Be counted: How Orlando and Orange County are spreading the word about Census 2020 and why it matters

Officials want to make sure everyone is represented

ORANGE COUNTY, Fla. – Undercounted and underserved.

This is the reality for many parts of Central Florida.

According to the U.S. Census Bureau, billions of dollars in federal funds and grants did not end up going to certain communities, all because there was an undercount in certain areas during the 2010 Census.

“You count. You matter. You live your experience,” attorney Channa Lloyd said, Lloyd is helping get the word out about the 2020 Census locally. “When you don’t answer the census, there’s a child who can’t enroll in Head Start because there’s a waiting list. That’s the consequence. You are living the effect of not answering the census. When you go to certain communities and the hospital wait time is an hour and a half and others have 15 minutes, it’s because those weren’t accounted for in the census. So every person matters.”

Reginald McGill is the city staff lead for the outreach effort in Orlando.

He said during the last census, only 74% of the people living in the city limits were counted.

“You’re talking about one out of every four persons did not count,” McGill said. “We want to be able to service the people who live here. And we’re really concerned about transportation and roads. That’s really critical if we don’t get a good count.”

He agrees trusted voices are vital to getting the message out about the importance of the census, and why not filling one out could end up hurting your family.

“It could be one more student who won’t get a Pell grant, one more student who won’t get Head Start. It could mean one less member in Congress for us,” McGill said.

The Orlando Complete Count Committee is developing partnerships with local libraries, colleges, and civic organizations to get the word out, and to make sure everyone living here is counted.

“Orlando deserves to get its fair share of whatever resources are available,” said Orlando Complete Committee Chair Leila Allen. “And to those living in Orlando - its a benefit to each one of us.”

Allen says one of the biggest barriers they face collecting census data is getting people to trust the process isn't going to be used against them.

“Some people are afraid, some people are concerned about privacy issues,” Allen said. “When we can talk to those individuals when we can get trusted voices in the community to talk to those people to alleviate the concerns - we feel that we have a better opportunity to get them to fill out the questionnaire.”

One thing city and county workers and leaders are doing to improve this year’s count is canvassing some of those historically hard to count areas.

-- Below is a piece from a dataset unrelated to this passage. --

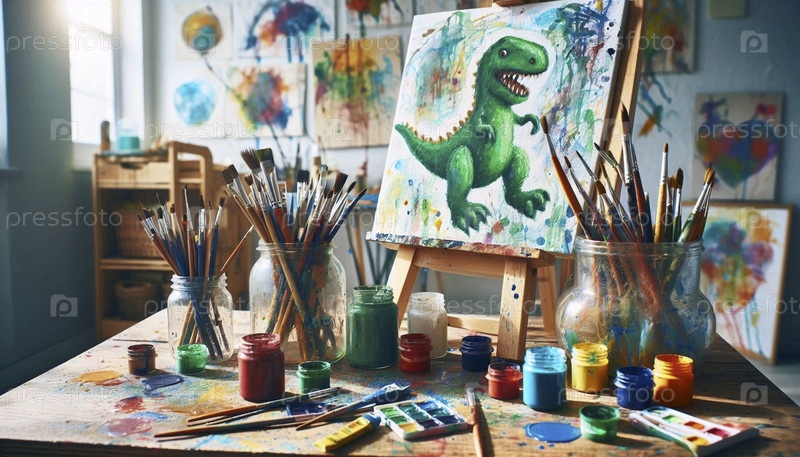 Творческая художественная станция: небольшая эстафета с красочной живописью, банки кистей и разлитые акварели, Ай создал изображение
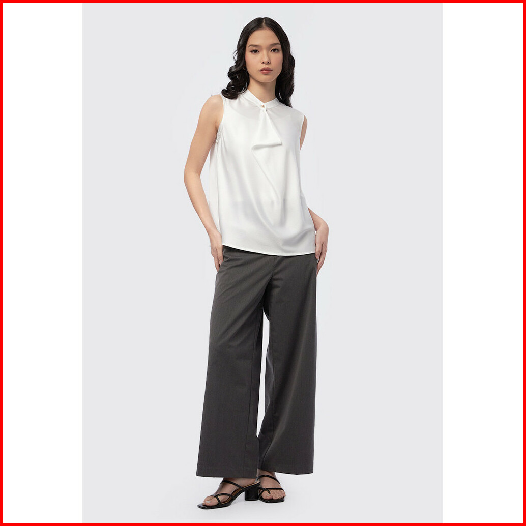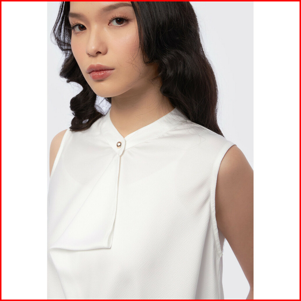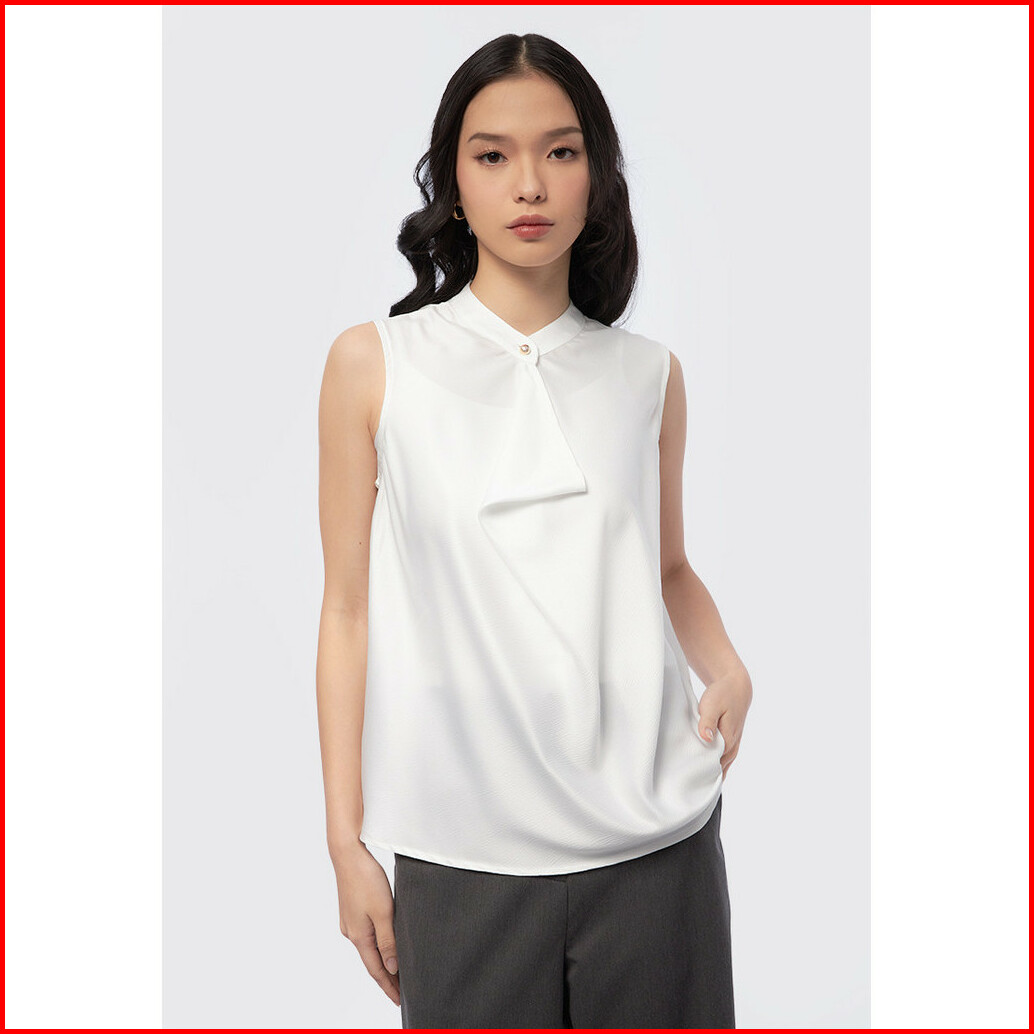 Executive Sleeveless Blouse With Drapped Front Off White

City workers confirm it’s crucial because Central Florida keeps growing at an alarming pace, an estimated 1,500 people moving in every week to Central Florida alone.

This 2020 Census snapshot in time will affect how much federal money Central Florida will receive during the next 10 years.

“It’s nice having nice sidewalks,” said Jay Diamond, who lives in the Orange County community of Holden Heights.

Diamond says he moved to the area three years ago and said he’s seen exactly what federal dollars can do for a community.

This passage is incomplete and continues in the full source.